Prompt - Set down the data below from its first line to the line holding "Nekateri se raje", inclusive; omit all pictures.

Excerpted data -
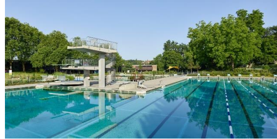
Abb. 3: 50-Meter-Becken mit Sprungturbereich
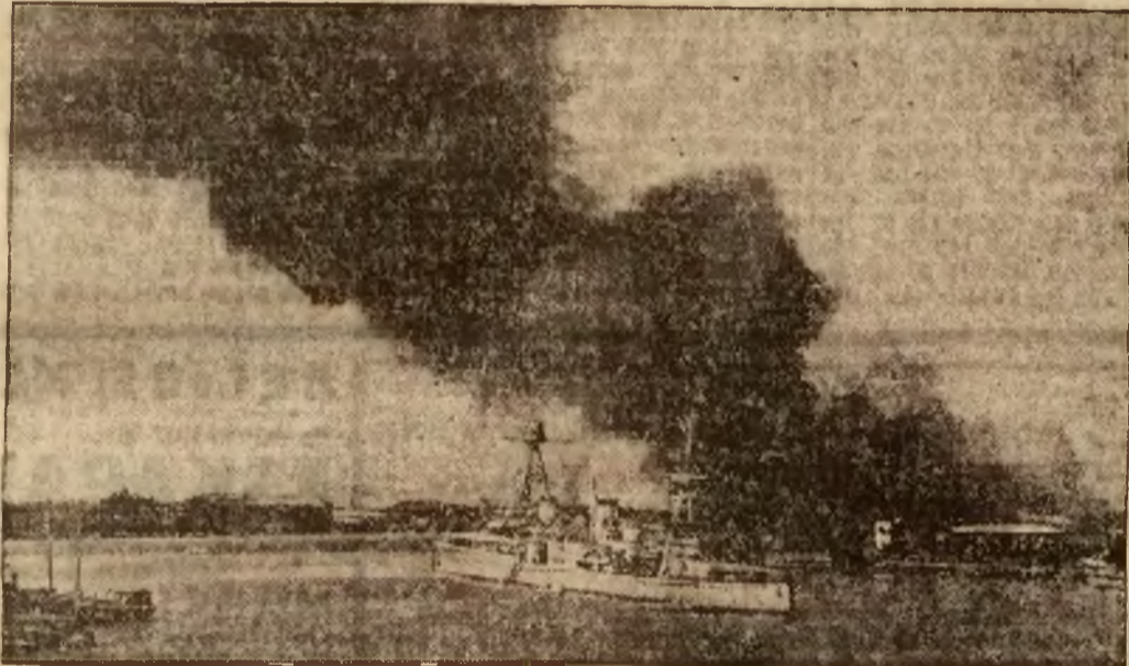
Pożar morskich urzędów celnych w Szanghaju. Na pierwszym planie krążownik amerykański „Augusta“
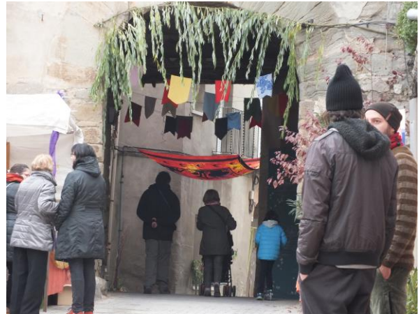
Portal de la plaça Nova guarnit

comença, els organitzadors han creat aquesta fira amb la intenció de celebrar, compartir, conèixer-nos i nodrir-nos. Tarroja es va vestir de festa, carrers, portals, portes de les cases, tot engalanat de fira, amb molt de gust. Parades al carrer
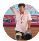
小一新生入學開學活動 交通安全宣導
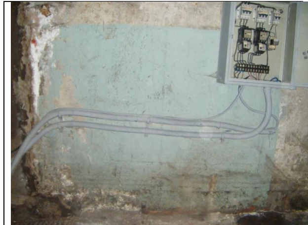
Instalación de tubo conduit para alojar los cables de alimentación y control
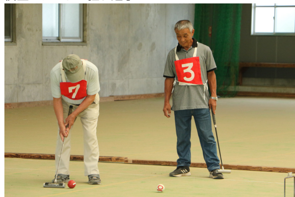
慎重にゲートを狙う選手
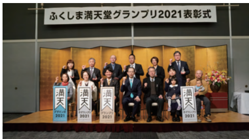
ふくしま満天堂グランプリ 2021 県内審査会・受賞式の様子
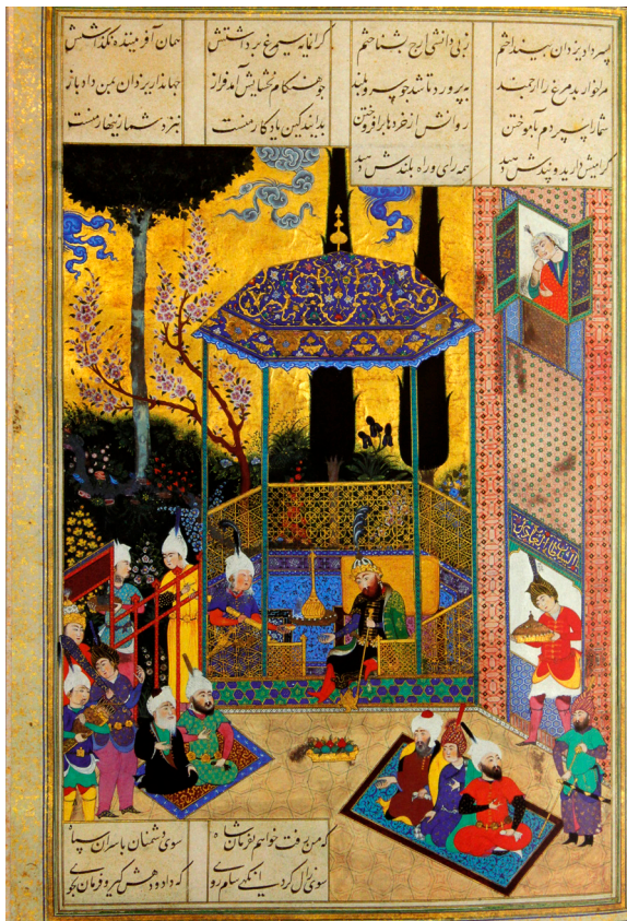
تصویر ۵. همان، تولد زال، سده شانزدهم.
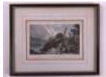
18. T.M. BAYNES. Dartmouth castle. Gravure en noir rehaussée. 9 x 15 cm.
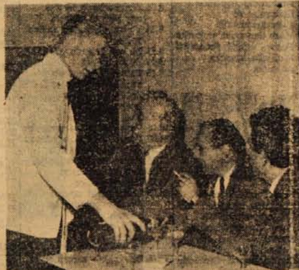
Nekateri se raje zavrtijo, drugi pa v družbi prijateljev in ob polnem kozarcu rečejo marsikatero »krepko«.

»Dancing« je za Kranj vsekakor pomemben, saj predstavlja hotel sam vmesno postajo potnikom iz Avstrije, Danske in Belgije, ki so namenjeni k morju. Ker je lokal odprt vsak dan, bo precejšnji inozemski gost prav rad preživel večer v plesu ob glasbi, ki s svojim repertoarjem zadovolji še tako različne in zahtevne okuse. – T. P.
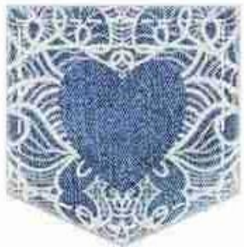
Виховання на цінностях
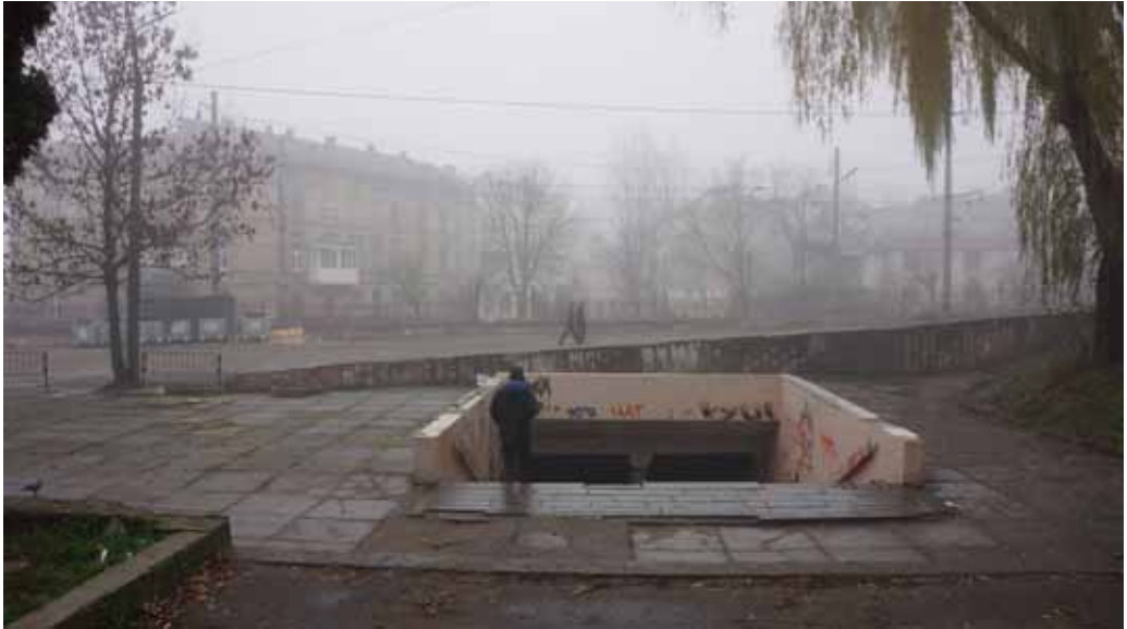
Фото 8: Підземний перехід через залізницю на вул. Б.Хмельницького
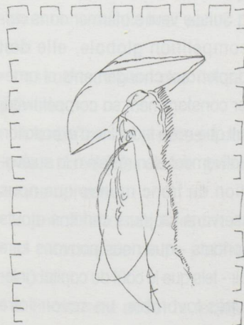
— Bedehring 15 Seidhering für EA —

Cabinet numismatique, jusqu'au 31 août 199
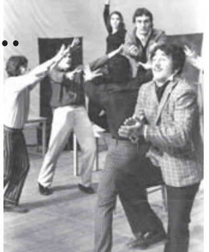
«Учить можно только действию как внутреннему движению, направленному куда-то. Научить чувствам нельзя»
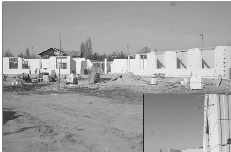
Zespół szkół powstaje przy ul. Kameralnej (d. Żwirowej)

więć sal lekcyjnych zlokalizowanych na I piętrze. Na parterze znajdują się szatnia, świetlica oraz stołówka z zapleczem kuchennym.
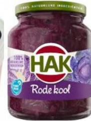
007-0302-013 Hak Rode Kool € 1,80 335 Gram
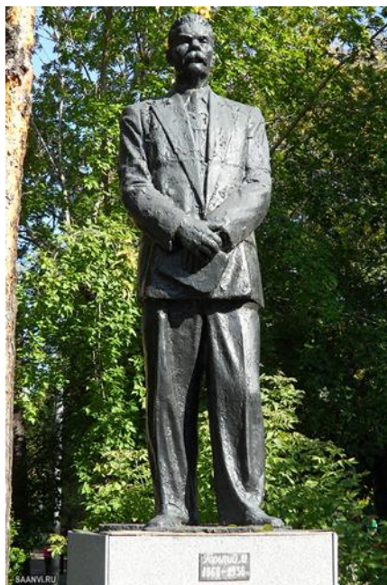
Рис. 15. Памятник М. Горькому в Красноярске

Антон Чехов был в Красноярске всего один день проездом на Сахалин в 1890 году. Памятник ему расположен на набережной Енисея, на Театральной площади (рис. 16).
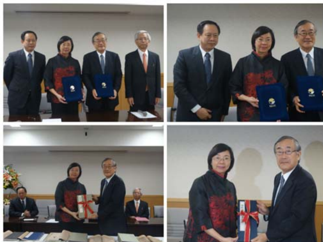
曾館長在開幕典禮上特別贈送國寶級古籍復刻書《註東坡先生詩》予日本東京大學圖書館，以豐富該館的館藏。
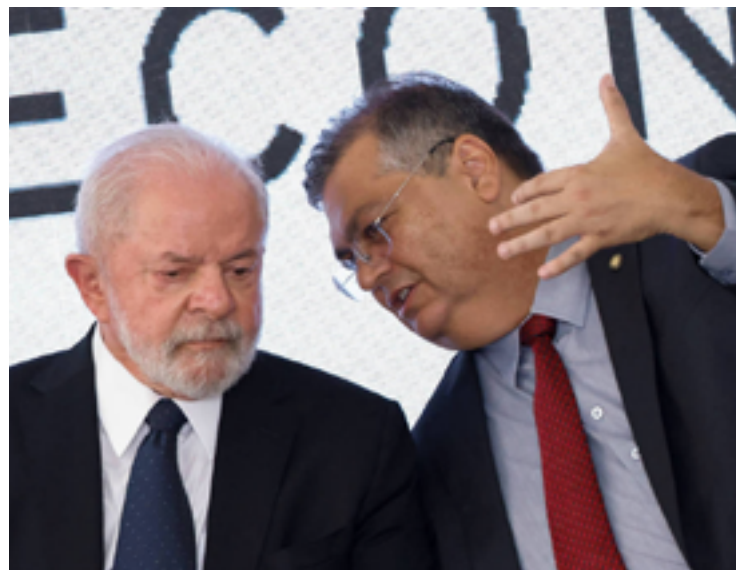
Lula da Silva e Flávio Dino: sem envolvimento com membros do narcotráfico
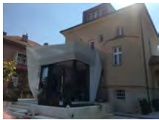
STAMBENA ZGRADA ZAGREB
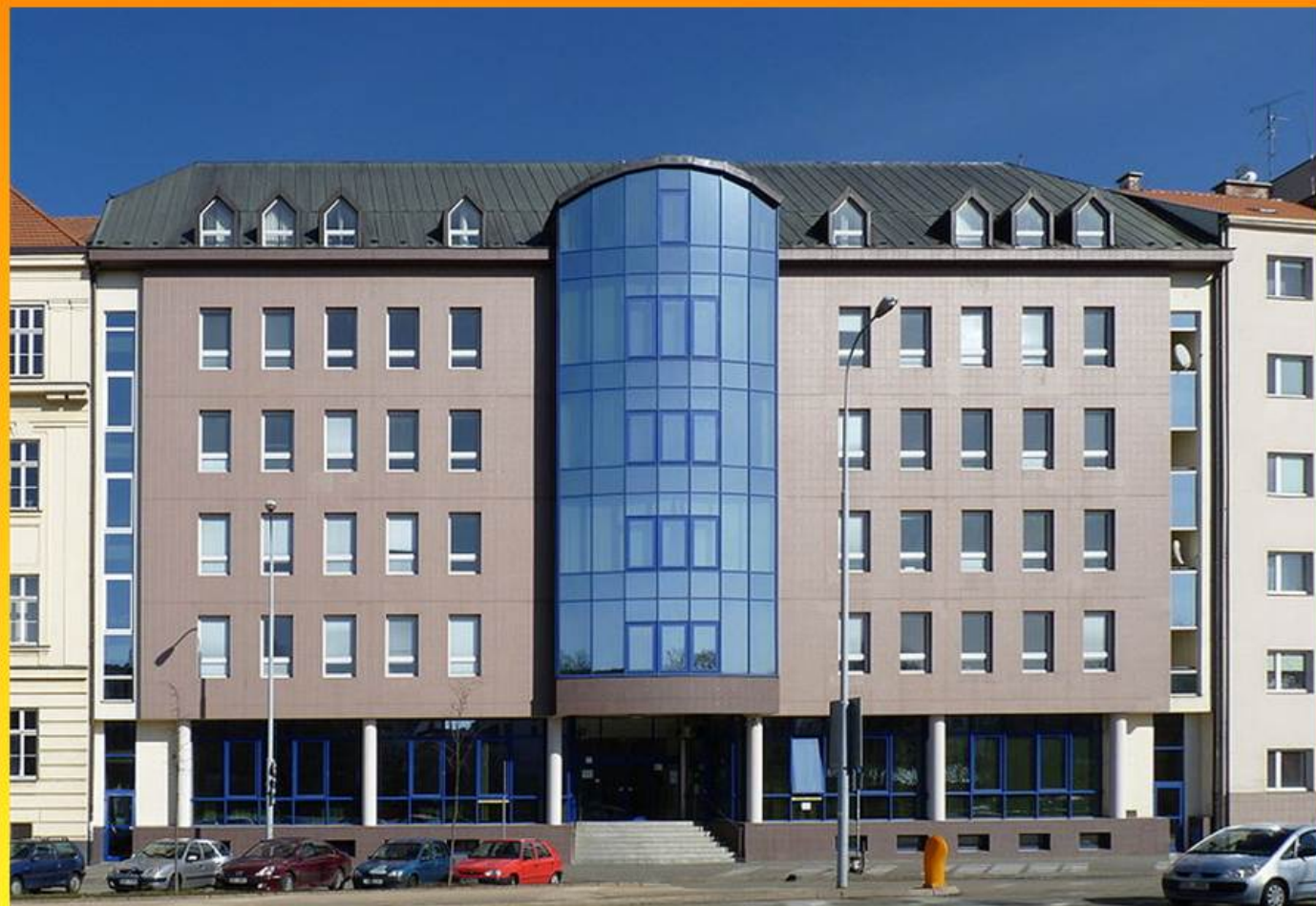
Pedagogická fakulta Masarykovy univerzity

V Brně je několik vysokých škol, na kterých studuje asi 90 000 studentů.
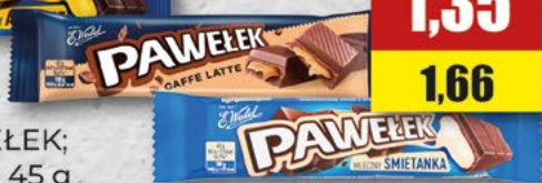
Baton PAWELEK; różne smaki; 45 g
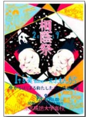
高等部(東京)の文化祭パンフレット 今年のテーマは「命がけで和たした成徳元年」
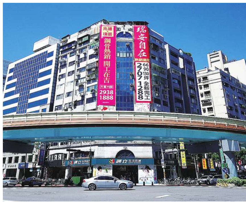
▲ 根據 2021 年 5 月清華安富房價指數，全台房價指數已達到 134.74，較去年同期增長 5.95%。

他呼籲政府不要再迴避問題，應儘速公布近十年的全國家戶總歸戶資料，並將住宅持有數據與
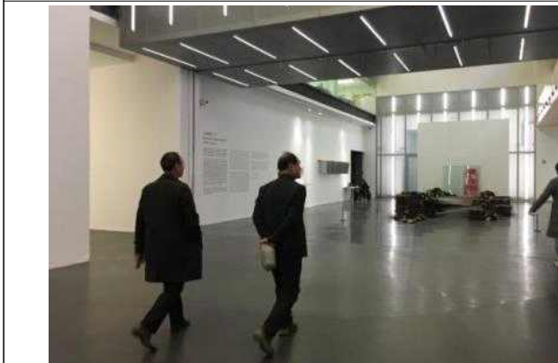
북경 798 예술구 방문
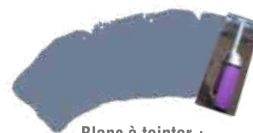
Blanc à teinter + Océan

Answer box -
Abb. 3: 50-Meter-Becken mit Sprungturbereich
Pożar morskich urzędów celnych w Szanghaju. Na pierwszym planie krążownik amerykański „Augusta“
Portal de la plaça Nova guarnit

comença, els organitzadors han creat aquesta fira amb la intenció de celebrar, compartir, conèixer-nos i nodrir-nos. Tarroja es va vestir de festa, carrers, portals, portes de les cases, tot engalanat de fira, amb molt de gust. Parades al carrer
小一新生入學開學活動 交通安全宣導
Instalación de tubo conduit para alojar los cables de alimentación y control
慎重にゲートを狙う選手
ふくしま満天堂グランプリ 2021 県内審査会・受賞式の様子
تصویر ۵. همان، تولد زال، سده شانزدهم.
18. T.M. BAYNES. Dartmouth castle. Gravure en noir rehaussée. 9 x 15 cm.
Nekateri se raje zavrtijo, drugi pa v družbi prijateljev in ob polnem kozarcu rečejo marsikatero »krepko«.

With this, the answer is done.